» WORK INSTRUCTION: Copy exactly the lines starting at the one that contains "Пенальти на последних" and running through the end of the material below. Exclude any pictures.

» SUPPLIED DATA:

◇ ◇ ◇ ◇ ◇

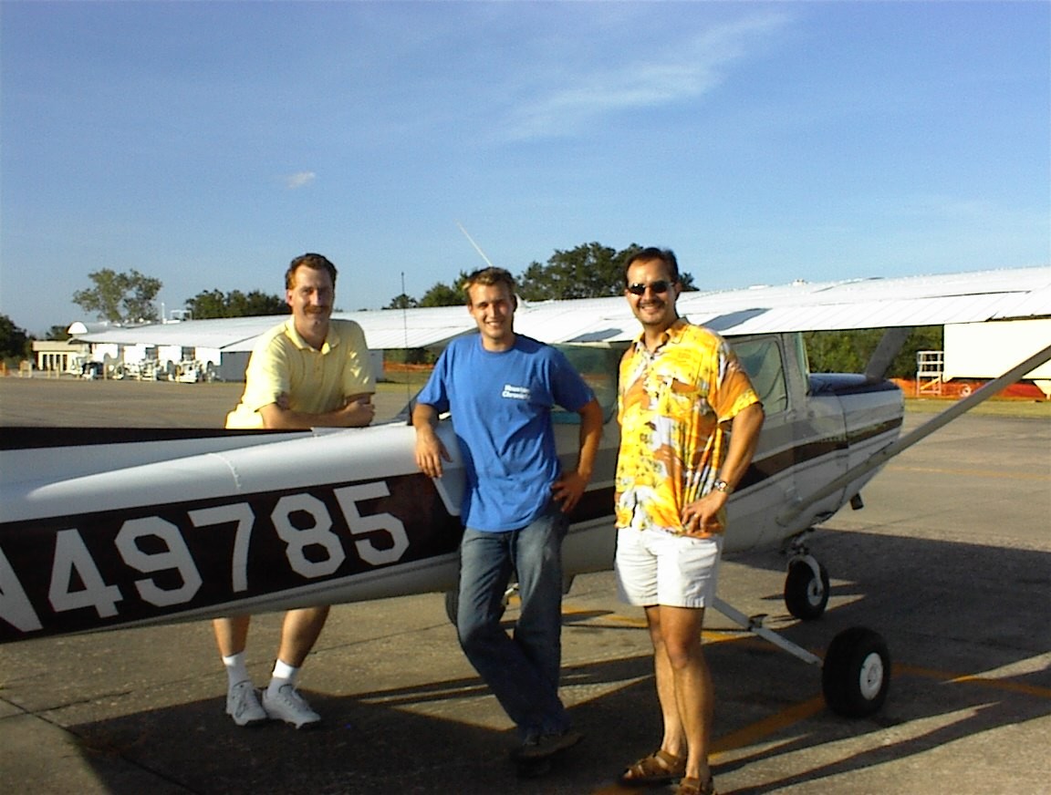 Well, second flight up with Andy Fay, my CFII instructor, and I had a blast again. This time, we headed out over Lake Sommerville and practiced "slow flight". Basically, we ran our Cessna 152 as slow as she would go and still maintain lift. Oh, and the best part of the flight? I got to take off! Giddy up! What a rush. I now have a total of 2.1 hours of flight in the log book.Pic is John Walter (left), Andy Fay (middle), John Romero (right)
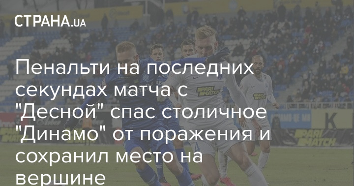 Пенальти на последних секундах матча с "Десной" спас столичное "Динамо" от поражения и сохранил место на вершине
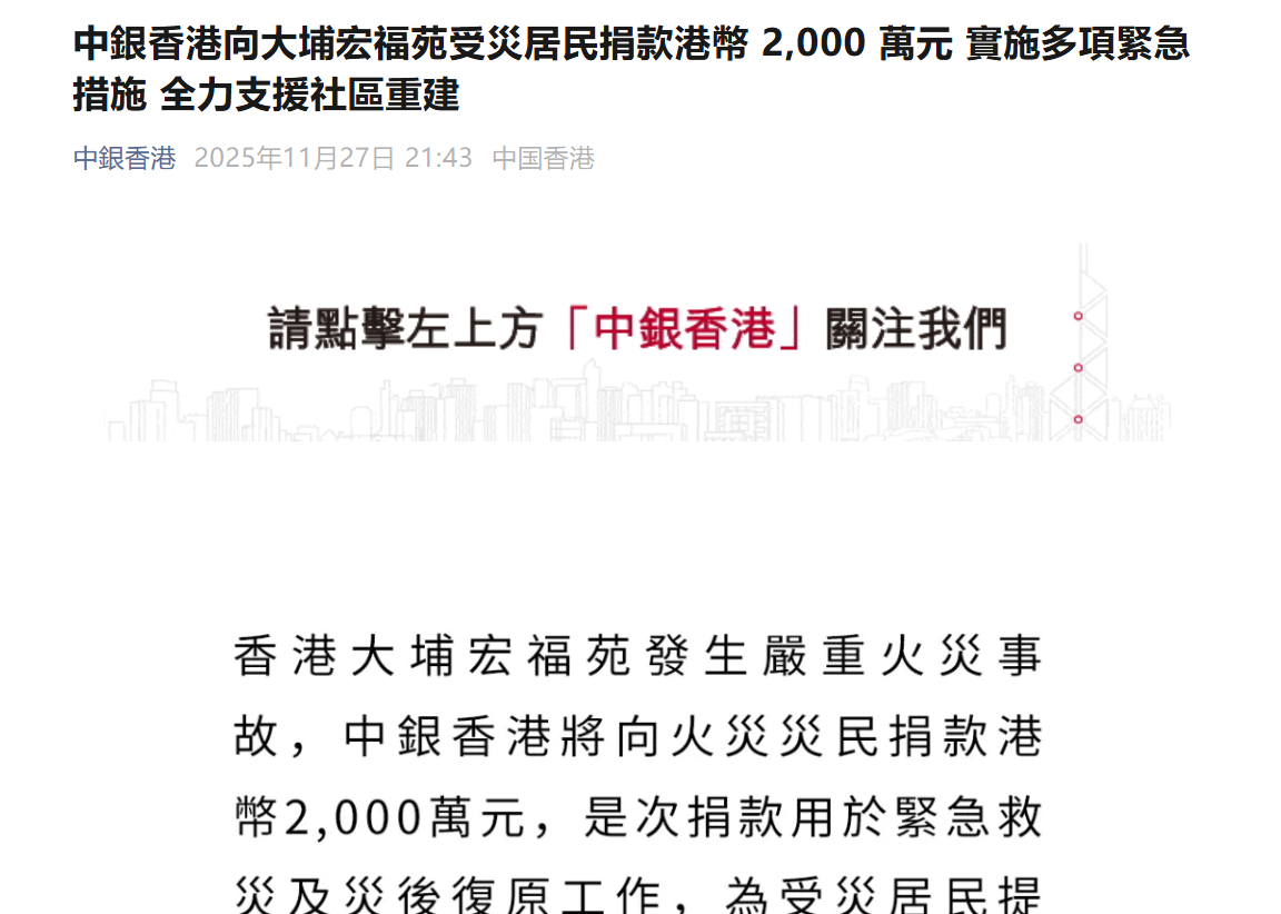 11月27日,中国银行(香港)有限公司发布公告称,中银香港将向火灾灾民捐款港币2,000万元,本次捐款用于紧急救灾及灾后复原工作,为受居民提供紧急经济支援。中银香港向不幸遇难的同胞致以深切哀悼,向伤亡者家属表示诚挚慰问,向消防及救援人员致以崇高的敬意。

◇ ◇ ◇ ◇ ◇

» RESULT:
 Пенальти на последних секундах матча с "Десной" спас столичное "Динамо" от поражения и сохранил место на вершине
 11月27日,中国银行(香港)有限公司发布公告称,中银香港将向火灾灾民捐款港币2,000万元,本次捐款用于紧急救灾及灾后复原工作,为受居民提供紧急经济支援。中银香港向不幸遇难的同胞致以深切哀悼,向伤亡者家属表示诚挚慰问,向消防及救援人员致以崇高的敬意。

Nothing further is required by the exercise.